# Head?



## chaser (Apr 3, 2004)

I got a 1998 Frontier and I'm considering changing the oem head unit for something else, but I was wondering what everyone did to cover up the huge gap? I could put a CB in there as well, but I dunno. 

Or, perhaps someone knows how to make an amp work with the stock head unit? That would be cool. Thanks

Chase


----------



## sr20dem0n (Mar 19, 2003)

You can wire an amp up to the stock headunit, but keep in mind you'll still have the shitty sound of the stock headunit bottle-necking your system.
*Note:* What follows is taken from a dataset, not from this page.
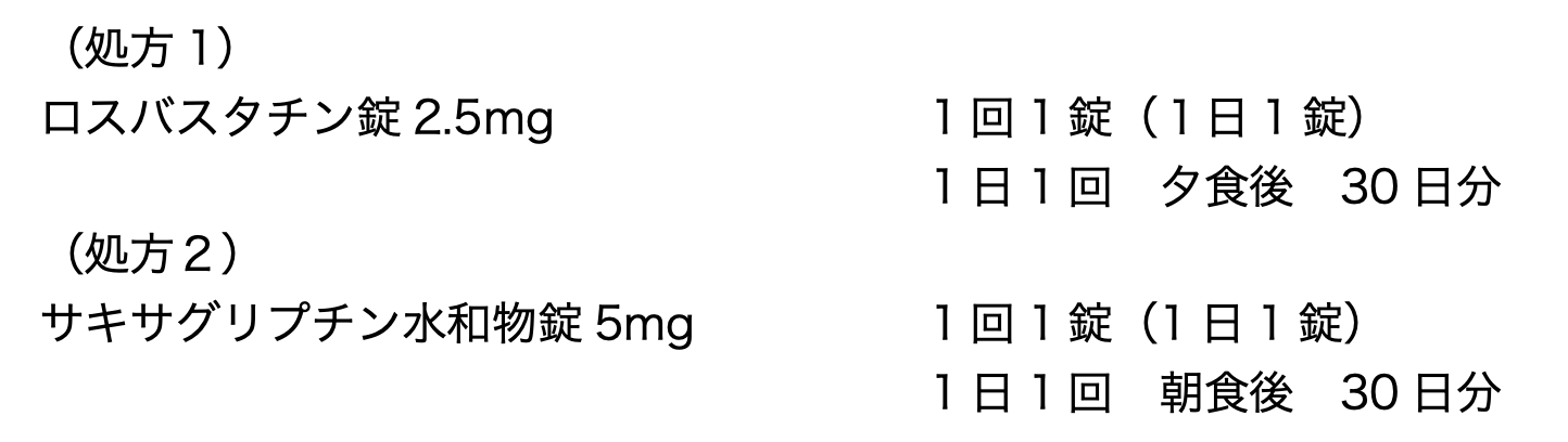 - 情報提供書案:処方1の薬剤について1日1回朝食後に変更の提案をすること

All you need is a line output convertor (or a couple, depending on how many channels you want to run and which ones you get) to convert the speaker level signals to RCAs.


----------



## mzanubis (Feb 19, 2003)

woah man, don't start out a thread like that... you got me all exicited for nothing... 

anyway, get another head _unit_


----------



## Captain Obvious (Jan 2, 2004)

sr20dem0n said:


> You can wire an amp up to the stock headunit, but keep in mind you'll still have the shitty sound of the stock headunit bottle-necking your system. All you need is a line output convertor (or a couple, depending on how many channels you want to run and which ones you get) to convert the speaker level signals to RCAs.
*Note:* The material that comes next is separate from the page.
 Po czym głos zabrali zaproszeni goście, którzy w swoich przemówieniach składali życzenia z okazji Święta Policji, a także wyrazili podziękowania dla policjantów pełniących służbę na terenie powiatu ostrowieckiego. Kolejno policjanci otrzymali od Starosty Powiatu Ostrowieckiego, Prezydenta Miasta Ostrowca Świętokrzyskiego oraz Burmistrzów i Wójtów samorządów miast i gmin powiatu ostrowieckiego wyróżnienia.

can also get an amp that has speaker level inputs 
jbl have them and mtx also just as examples


----------



## sr20dem0n (Mar 19, 2003)

You're right, but that severerly limits the selection if he went by that

IMO he should find an amp he wants, and if it has speaker level inputs then great, if not then he just needs a LOC. Just looking for amps with speaker level ins will cut out 95% of his choices.


----------



## Sethticlees (May 30, 2002)

mzanubis said:


> woah man, don't start out a thread like that... you got me all exicited for nothing...




Bahahaha! LMFAO!!! :idhitit: :balls: :banhump:


----------



## Mini_GTR (Nov 10, 2003)

You could always change the head unit and get the car kit for it. It converts that big space into the new head unit and a pocket either under the HU or on top. Your decision.


----------